Your copy should contain exactly the lines from the start of the listing through the line that holds "18ct Ring with", and no pictures.

Provided data.
^^^^

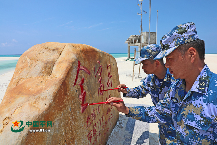 在全富島,關建軍和三沙市副市長陳儒茂帶頭描摹主權碑上“中國”兩個大字。“每描一筆,都感到神圣無比,建設強大穩(wěn)固的現(xiàn)代邊??辗?,共同守護好我們的祖宗海,離不開軍地協(xié)力??钙疬@一如山使命,我們責無旁貸!”關建軍的話語擲地有聲。特約記者 薛成清 通訊員 盆世舟 潘新新
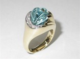 18ct Ring with a carved Aquamarine and diamonds.
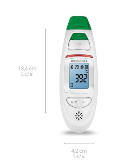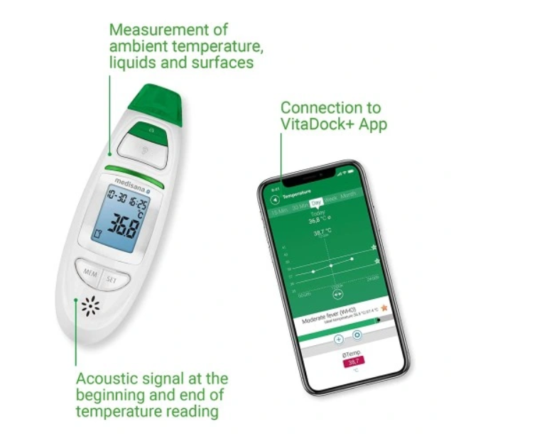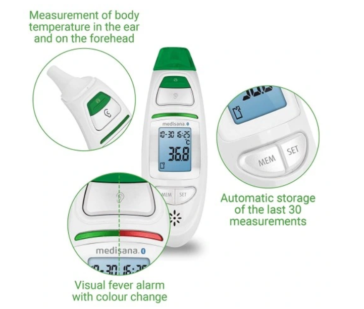 С помощью инфракрасного термометра TM 750 Connect от Medisana вы можете точно измерить температуру тела на лбу или в ухе. Многофункциональный термометр подает звуковой сигнал, когда он готов к измерению и когда измерение завершено.

^^^^

Your response.
 在全富島,關建軍和三沙市副市長陳儒茂帶頭描摹主權碑上“中國”兩個大字。“每描一筆,都感到神圣無比,建設強大穩(wěn)固的現(xiàn)代邊??辗?,共同守護好我們的祖宗海,離不開軍地協(xié)力??钙疬@一如山使命,我們責無旁貸!”關建軍的話語擲地有聲。特約記者 薛成清 通訊員 盆世舟 潘新新
 18ct Ring with a carved Aquamarine and diamonds.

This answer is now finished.